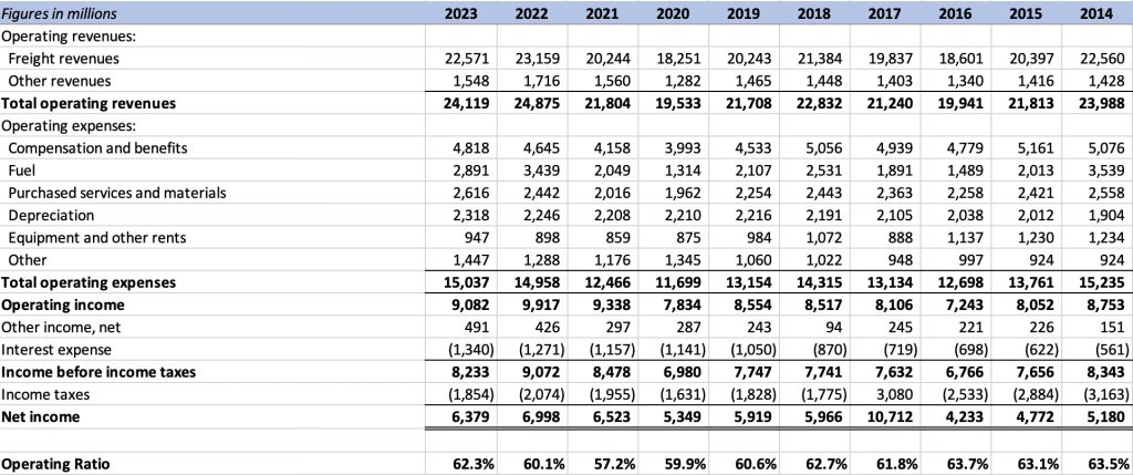 - From 2014 to 2023, BNSF reported a cumulative total of $227.7 billion of operating revenues and $77.2 billion of operating income.
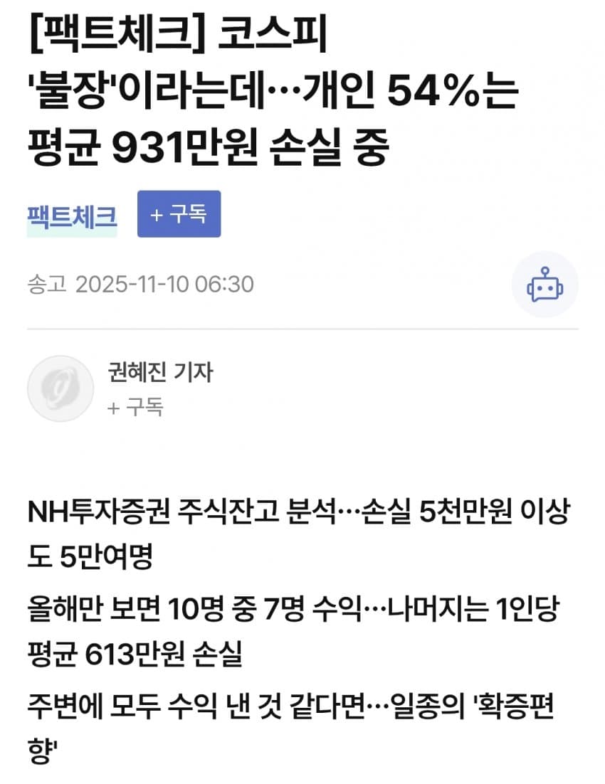 이대남 곱버스 탄다고 조롱하던 영포티 카카오 물려서 코스피 4200에도 손실 중
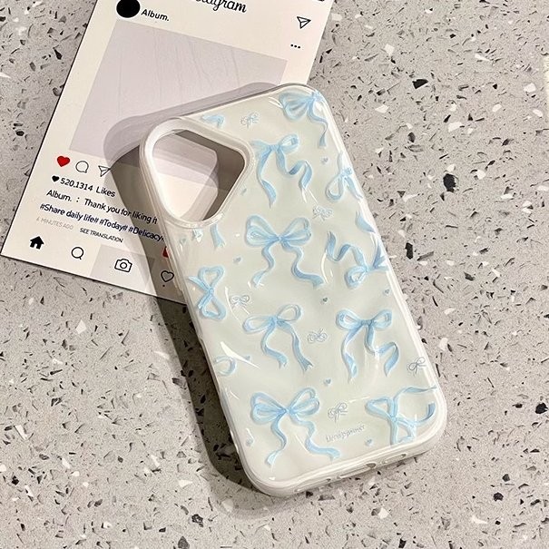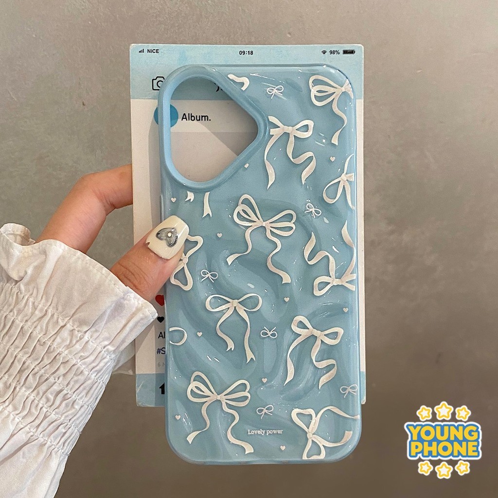 Softcase Untuk iPhone 13 16 11 12 14 15 PRO MAX PLUS Case White Bow Tekstur Mode Phone Case
- - -
# Brief:
Where a picture appears, skip it; repeat everything else in the data exactly.

# Reply:
 - From 2014 to 2023, BNSF reported a cumulative total of $227.7 billion of operating revenues and $77.2 billion of operating income.
 이대남 곱버스 탄다고 조롱하던 영포티 카카오 물려서 코스피 4200에도 손실 중
 Softcase Untuk iPhone 13 16 11 12 14 15 PRO MAX PLUS Case White Bow Tekstur Mode Phone Case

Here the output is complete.